EPILOGUE: DREAMS MADE OF DREAMS
A new and very important patient arrived at a sanatorium near the German-Dutch border, which was a home for the deranged and mentally ill. Black automobiles with high windscreens had driven up the gravel path in strange silence several days earlier. They stopped right in front of the entrance, and that suggested something unusual was afoot. A handful of uniformed men got out in front of the large, dark, two-winged house overgrown with bougainvillea and ivy. It was a strange company, more like a troupe of buffoons than bodyguards; without exchanging a single word, they began to bend at the waist, stand on their tiptoes and cover their eyes with their hands so they could stare into the distance towards the low sun.
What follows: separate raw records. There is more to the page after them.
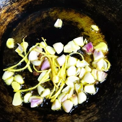 6、由于鱼有点大,果断换炒锅,将葱姜蒜爆香。
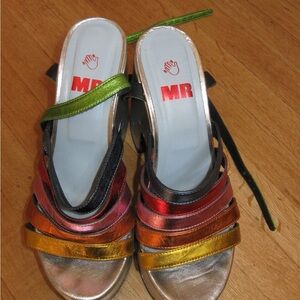 Vintage 80s rainbow metallic leather platform heels
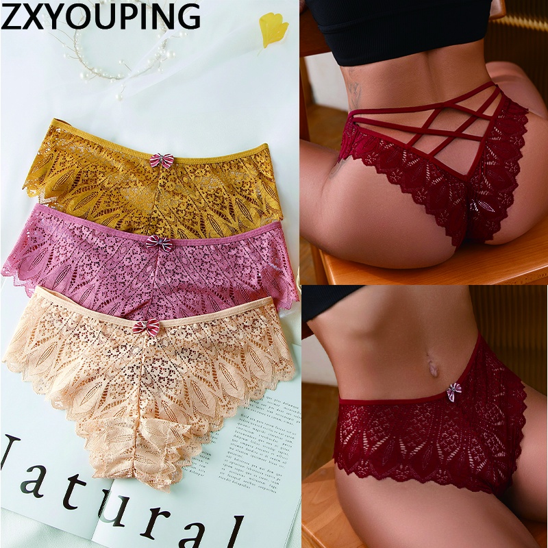 Zxyouping กางเกงชั้นในเซ็กซี่ลูกไม้สําหรับผู้หญิง Bow Cross เข็มขัดกางเกงชั้นในลูกไม้เซ็กซี่กลางเอวชุดชั้นในไร้รอยต่อชุดชั้นใน S-XL
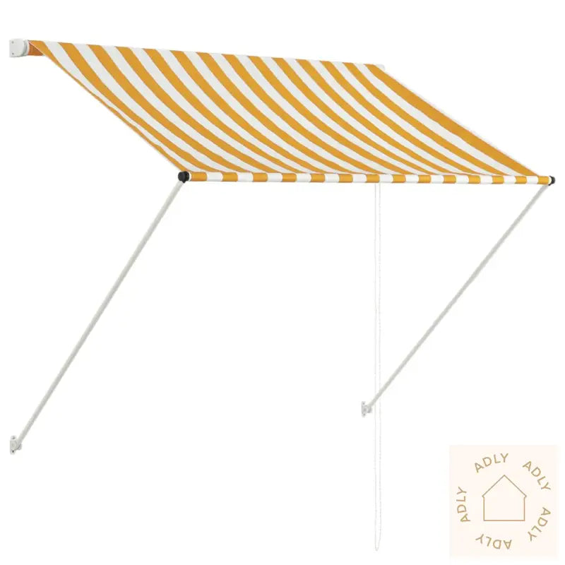 Farger: gul og hvitMaterialer: Stål, 100% polyester med PA-beleggTotale mål: 100 x 150 cm (B x H)Utrekkbar lengde: 0–150 cmManuelt betjentUV- og vannbestandigMontering kreves: ja
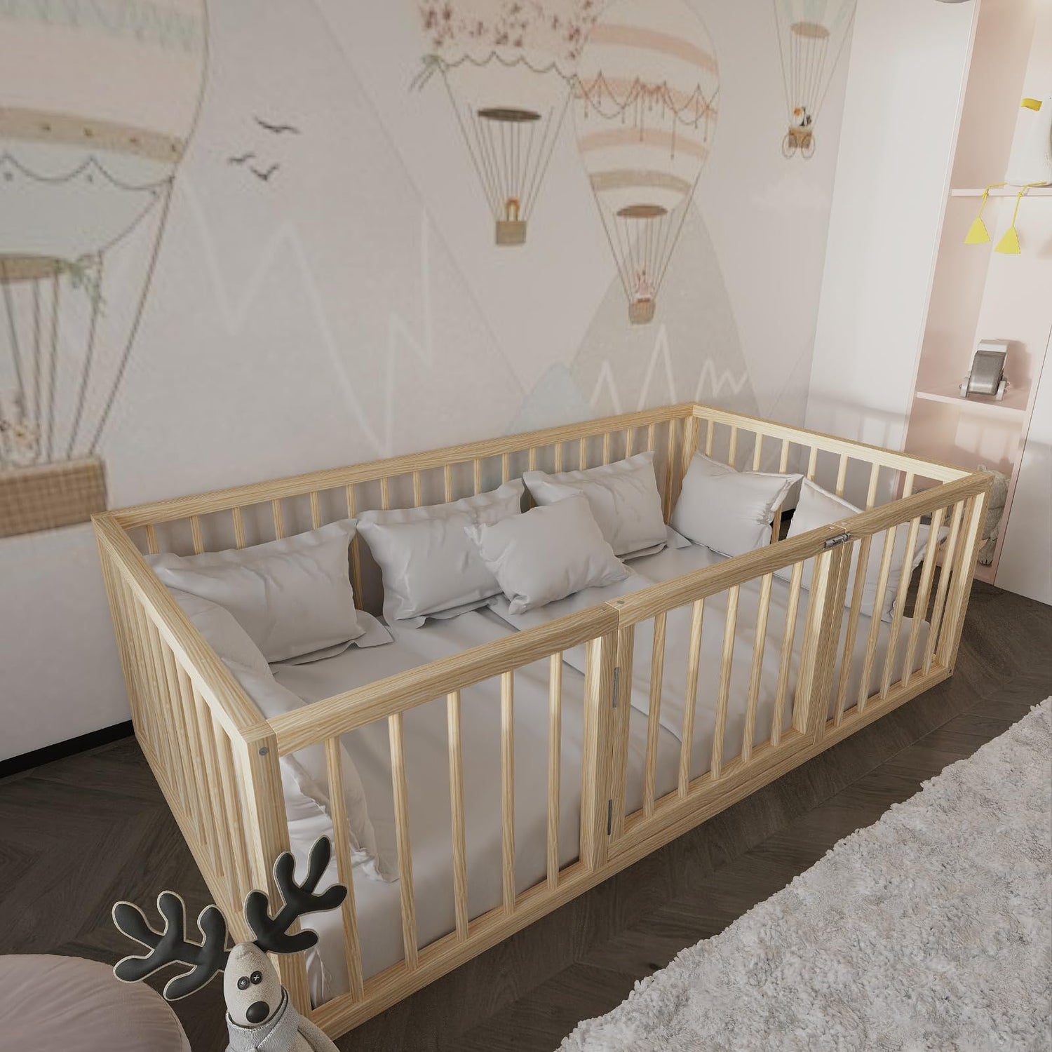 Montessori Floor Bed with Door for Toddler 39.4'' x 75.2'' Twin Size | Pine Wood Natural Solid Frame Bed Door in the Middle | Sturdy Design Floor Bed Frame Boy and Girls (Twin, Height : 23.6 Inches)
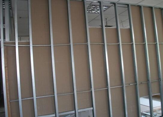 3、面板一般用石膏板,硅酸鈣板.隔聲方面采用填充材料:隔聲綿等;與龍骨連接用自攻螺絲固定;
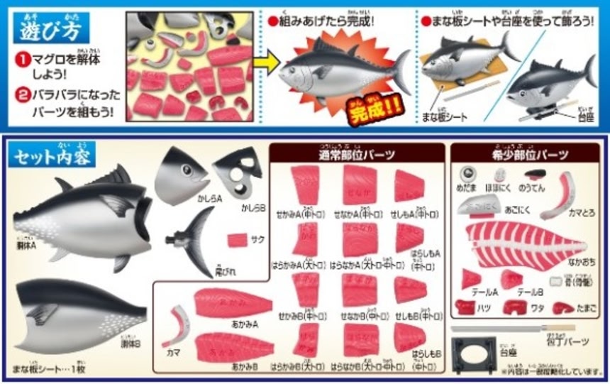 パズルとして遊ぶだけでなく、本マグロとしてディスプレイするのもいいし、マグロの解体ショーにチャレンジしてみるのもいいだろう。希望小売価格は1580円(税抜)となっている。
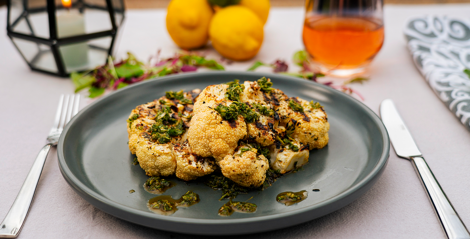 Beim nächsten Grillen hat der Gemüsespieß Pause - unsere Blumenkohl-Steaks mit Chimichurri-Sauce sind eine spannende vegetarische Alternative. Zwar gilt Blumenkohl allein als etwas farblos und fad, doch auf dem Grill wird er zu einer butterzarten, fast schon süßen Delikatesse. Dazu eine kräuterwürzige Sauce mit viel Koriander - willkommen im gesunden Gemüsehimmel!
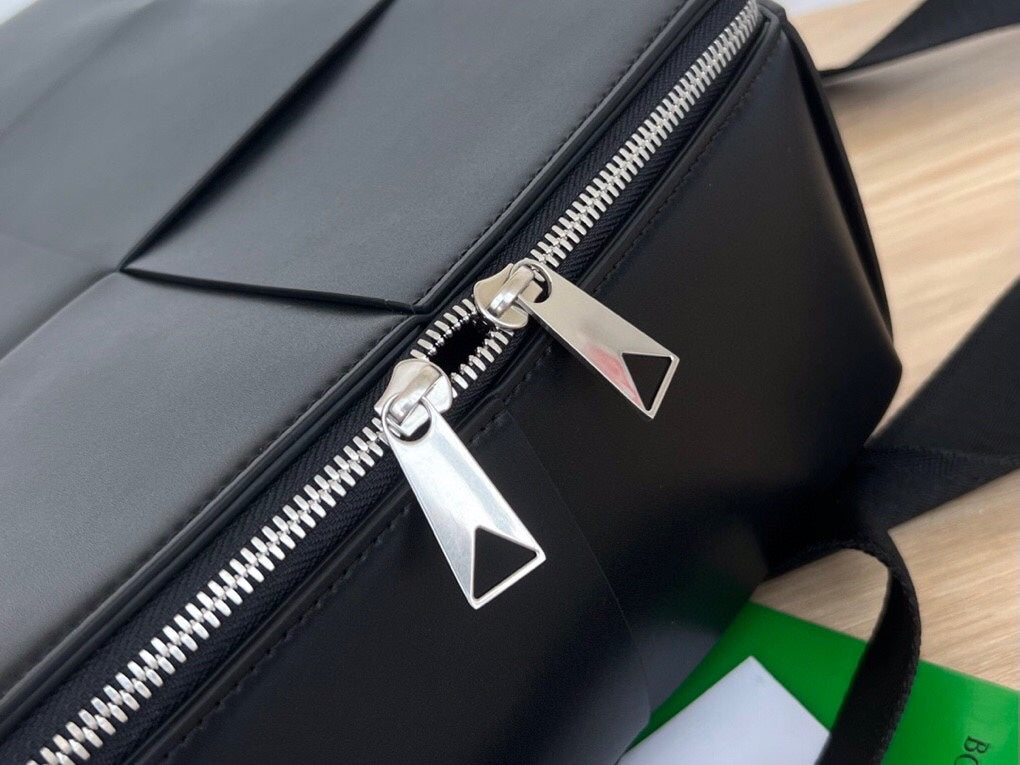 WOVEN BACKPACK 34 IN BLACK LAMBSKIN
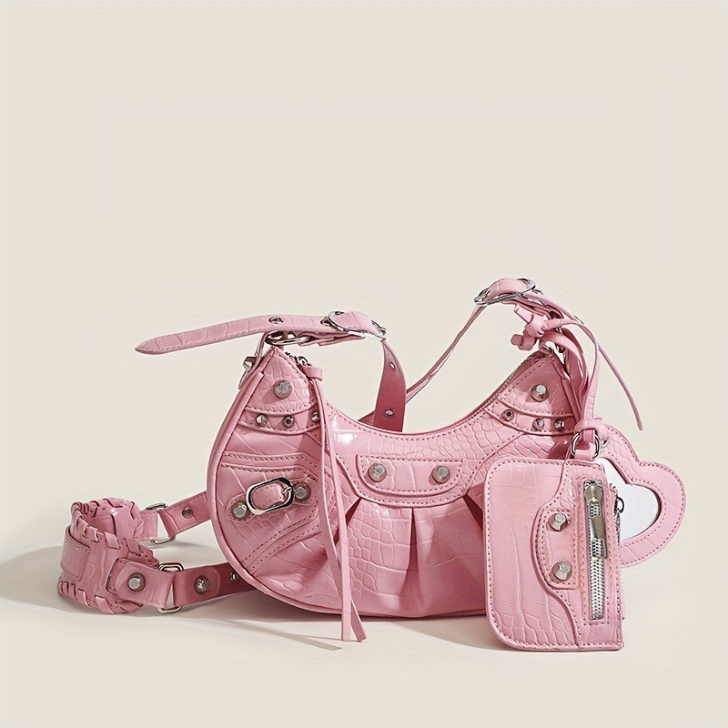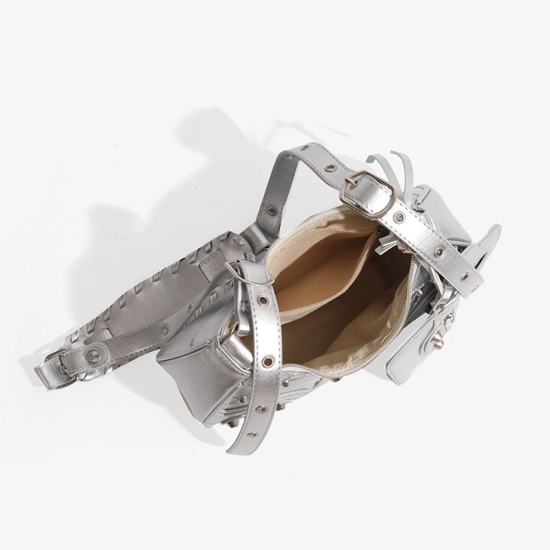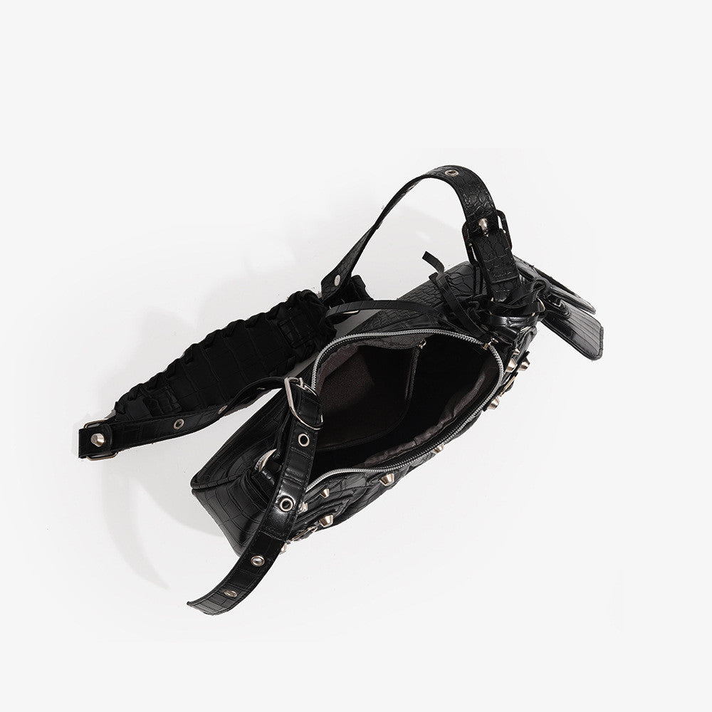 Ielgy Fashion Trendy Motorcycle Bag Underarm Bag Rivet Tassel High-End Feeling Pleated Shoulder Messenger Female Bag

Those nervous soldiers were also seen by the deranged and mentally ill. The patients were unable to explain their presence at the comfortable sanatorium which had hardly felt the war, because it was a home for rich patients. If someone did stray in from the Great War, he was by no means an ordinary, rank-and-file soldier from the front who had copped a dose of bertholite or suffered unbearable headaches from recently having a piece of shrapnel removed from his crazy head. No, that sanatorium treated serious patients along with conceited ones, and the small staff of doctors, all of whom lived on site, took both categories seriously, because all the residents of that convalescent home on the green hill were important in some way, and every neurosis and psychosis they had was special in some way or another.
Each patient had a medical card, a personal doctor, their own room and a nurse who seemed to look after them alone. Even so, that exclusive society of the deranged and mentally ill immediately realized that someone special was coming to their sanatorium, special even compared to them. That unusual guest became the topic of conversation for all: for those who rarely spoke, those who only muttered to themselves on occasion, and those who held fiery speeches every afternoon. And then the patient arrived. It had been three days since those secretive soldiers had come to view the building and its surroundings and to stretch as if doing their morning exercises, and now — everyone claimed — Kaiser Wilhelm in person was arriving at the sanatorium. Only one or two residents doubted it for a short time longer, although no one had actually seen the newcomer and his arrival could therefore be neither confirmed nor denied.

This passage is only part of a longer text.